Director: Koji Hashimoto
Writer: Shuichi Nagahara
Cast: Ken Tanaka, Yasuko Sawaguchi, Yosuke Natsuki, Shin Takuma, Keiju Kobayashi, Eitaro Ozawa, Taketoshi Naito, Mizuho Suzuki, Junkichi Orimoto, Hiroshi Koizumi, Kei Sato, Takenori Emoto, Sho Hashimoto, Nobuo Kaneko, Kunio Murai, Yoshifumi Tajima, Shigeo Kato, Koji Ishizaka, Tetsuya Takeda, and Kengo Nakayama
Composer: Reijiro Koroku
Release Date: 12/15/1984
MPAA Rating: Not Rated
Thirty years after the events of Gojira, a Japanese fishing boat near the coastline of Daikoku Island is attacked by Shockirus—a mutant sea louse affected by the radiation in Godzilla’s blood. Assisted by Hiroshi Okumura (Shin Takuma), sole surviving crew member of the Yahata-Maru; Naoko Okumura (Yasuko Sawaguchi), sister of Hiroshi; and reporter Goro Maki (Ken Tanaka), Professor Hayashida (Yosuke Natsuki) employs a magnetic transmitter to lure Godzilla into an active volcano. Meanwhile, laser-equipped JSDF aircraft Super X is dispatched to prevent Godzilla from destroying the city of Tokyo.

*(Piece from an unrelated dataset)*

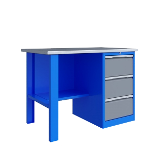 Тумба верстака -сварная. Ящики в тумбе устанавливаются на шариковых телескопических направляющих полного выдвижения. В тумбе P3 установлено три больших ящика. Внутренние размеры больших ящиков (ВхШхГ), не более: 222 х 397 х 520 мм. Тумбы с ящиками снабжены общим центральным замком с поворотом ригеля 180 градусов и подпружиненной тягой. В комплекте два ключа.
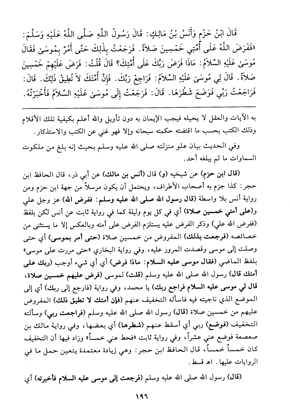 قَال ابْنُ حَزْمٍ وَأَنَسُ بْنُ مَالِكٍ: قَال رَسُولُ اللهِ صَلَّى اللهُ عَلَيهِ وَسَلَّمَ: "فَفَرَضَ اللهُ عَلَى أَمَّتِي خَمْسِينَ صَلاةً. فَرَجَعْتُ بِذلِكَ حَتَّى أَمُرَّ بِمُوسَى فَقَال مُوسَى عَلَيهِ السَّلامُ: مَاذَا فَرَضَ رَبُّكَ عَلَى أُمَّتِكَ؟ قَال قُلْتُ: فَرَضَ عَلَيهِمْ خَمْسِينَ صَلاةً. قَال لِي مُوسَى عَلَيهِ السَّلامُ: فَرَاجِعْ رَبَّكَ. فَإِن أُمَّتَكَ لَا تُطِيقُ ذَلِكَ. قَال: فَرَاجَعْتُ رَبِّي فَوَضَعَ شَطرَهَا. قَال: فَرَجَعْتُ إِلَى مُوسَى عَلَيهِ السَّلامُ فَأَخْبَرْتُهُ

The inaugural entry of the Heisei series, The Return of Godzilla should be commended for its haunting atmosphere, Cold War undertones, and compelling sequences of destruction. Also remarkable is the musical arrangement of Reijiro Koroku, whose composition embodies the dark and somber qualities that one would typically associate with the king of monsters.
Serving as a direct sequel to Gojira, this installment ignores much of the continuity established during the Showa period—a decision that allows Godzilla, formerly a child-friendly superhero icon, to return to his roots as a force to be reckoned with. Specifically worth praising is the ominous, camp-free tone exemplified by The Return of Godzilla, which compels the viewer to perceive the eponymous creature—a metaphor for nuclear devastation—with the respect and solemnity that he deserves. (There are times, however, when the antics of an intoxicated homeless man—the only comic relief character featured in this film—detract from the existential threat posed by Godzilla.)

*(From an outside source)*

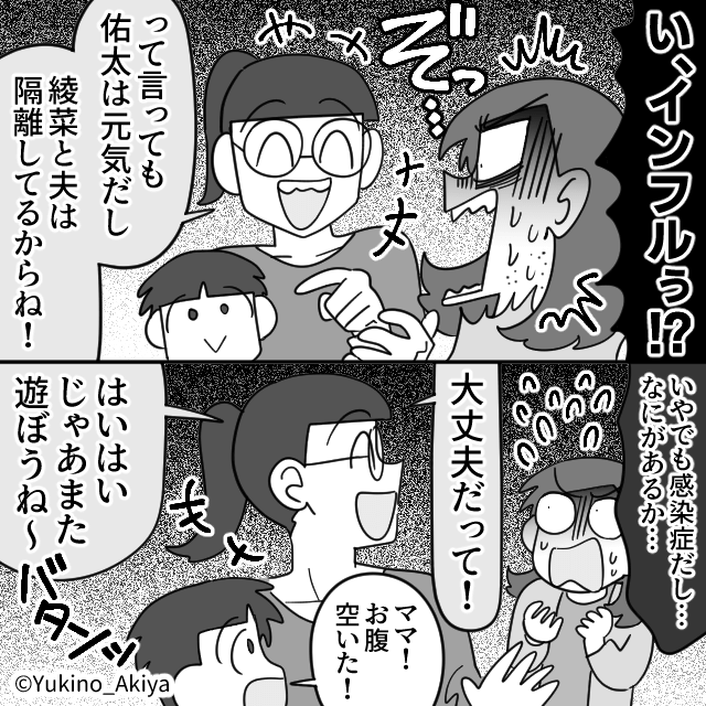 夕方になり、息子の友人を家に送っていった主人公。 するとママ友が「ありがと!助かったよ〜」と言ったあと、自分の夫と娘がインフルエンザにかかっていると衝撃の事実を告げてきて…。

It should be noted that The Return of Godzilla benefits from top-notch performances coupled with exceptional dialogue, adding an air of credibility to the concept of a radioactive, fire-breathing dinosaur wreaking havoc on a modern-day metropolis. That being said, the only English-speaking cast member—whose character appears during a meeting held by U.S., Japanese, and Soviet ambassadors—delivers his lines in a highly unconvincing, if not cringe-worthy, manner.
In spite of his brutal and destructive tendencies, the Godzilla character manages to evoke sympathy during the poignant finale of this film—an effect that, as in the original version, establishes Godzilla as a victim of human arrogance, callousness, and disregard for the environment.
The Return of Godzilla is a disturbing, well-made reboot of Toho Studios’ kaiju eiga franchise. Gojira fans, science fiction enthusiasts, and disaster buffs are therefore advised to view this film, which effectively recaptures the serious, thought-provoking nature of its predecessor from 1954.